Potential answer, but I can't find a more complete synopsis

EDIT: Google Books allows a limited search-inside-book feature and this is definitely the correct answer for my half-remembered book. I hope it is what Emily was searching for, too. I can even confirm that the tree-stump-alikes were called the Soshtii.

It might be Ghost Ship to Ganymede by Robert Swindells. The only synopsis I can find for that title is:

Fay, Tom and Grover stow away on a spaceship and find to their horror that they are en route to unexplored Ganymede, a moon of Jupiter.

(from Google Books)

Well that fits, as far as it goes.

I could have forgotten a third character. Mentioning that Ganymede is unexplored is a favourable point, and sets this book apart from many others; it certainly wasn't set on a well developed Ganymede as most stories seem to be. I forgot to be clear that the lifeforms in the canyons are previously unknown, and discovered by the children.

Robert Swindells apparently writes for the right age group, too. Room 13 was also his, for instance.

I can't find a library copy of Ghost Ship to Ganymede, a download (legal or otherwise), or a reasonably priced hard copy. I can only find some that are, for whatever reason, pushing the £1000 mark.

I wonder if the synopsis rings true with Emily as well? Perhaps she could perform an image search for that title, and see if any covers look familiar?

I'll also see if I can hunt down a copy by ringing some bookshops.

Must, consolidate, early, memories, or, might, never, punctuate, properly, again!

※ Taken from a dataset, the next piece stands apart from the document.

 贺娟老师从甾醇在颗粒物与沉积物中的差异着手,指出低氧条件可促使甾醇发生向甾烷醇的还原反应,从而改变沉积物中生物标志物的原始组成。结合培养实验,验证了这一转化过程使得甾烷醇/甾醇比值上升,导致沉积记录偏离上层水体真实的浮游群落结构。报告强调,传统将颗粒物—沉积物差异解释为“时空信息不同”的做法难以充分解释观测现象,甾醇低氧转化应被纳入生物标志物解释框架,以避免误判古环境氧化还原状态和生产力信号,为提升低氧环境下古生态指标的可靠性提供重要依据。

  • What is your source for the synopsis you quoted?
    – user14111
    Feb 8, 2017 at 10:14
  • Just Google books (added in editing) Feb 8, 2017 at 10:18

Farmer in the Sky by Robert A. Heinlein

The story is set in a future, overcrowded Earth, where food is carefully rationed. Teenager William (Bill) Lermer lives with his widower father, George. George decides to emigrate to the farming colony on Ganymede, one of Jupiter's moons. After marrying Molly Kenyon, George embarks with Bill and Molly's daughter Peggy on the 'torchship' Mayflower. On the journey, Bill saves his bunkmates from asphyxiation by improvising a patch when a meteor punctures their compartment. During the trip all the children attend class; also, to combat the boredom of the long trip, the Boy Scouts among the passengers form troops.

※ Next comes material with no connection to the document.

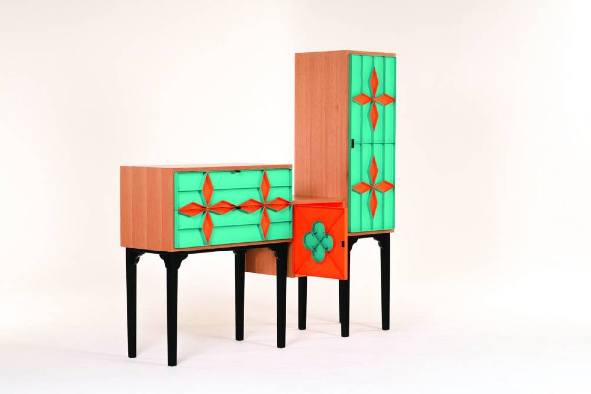 وتشتمل هذه القطع على مصباح «فيء» المعلق، الذي يعتبر حل إنارة بسيطاً وعصرياً، وهو مقدم من المصممة الإماراتية خديجة المازمي، وطاولة معروضات الزينة «بو نجمة» للمصمم الإماراتي ماجد البستكي، والخزانة المفردة المصنوعة من سعف النخل المصبوغ «تليد» والمقدمة من استوديو «ون ثيرد» الفريق النشط المؤلف من ثلاث مصممات مبدعات آمنة بن بشر، دانيه ودُنى العجلان.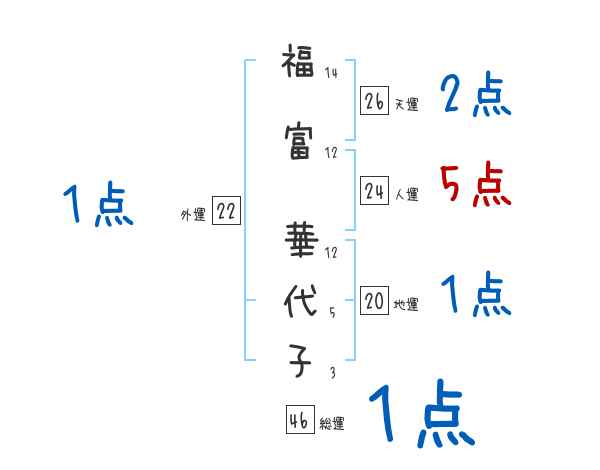 外運![]() | 福富華代子さんの外運は22画の1つ星!努力することが苦手ないっぽう手先が器用。芸術性にも優れる。 生活面を象徴する運勢です。外部から受ける影響力を表し、結婚運、家庭運や職場、環境への順応性を表します。 |

  • How? Why? What points match the OP's criteria? Could you please elaborate. Merely saying what the answer doesn't help others find out why it's the answer, especially if someone else is also looking for the same story.
    – Möoz
    Jul 19, 2017 at 0:59
  • This would be a much better answer if it explained why this might be the right story.
    – Obsidia
    Jul 19, 2017 at 1:36
  • I honestly don't know if my edit really makes it match much better, but it at least indicates that there's a Ganymede trip by kids. No stowing away, though.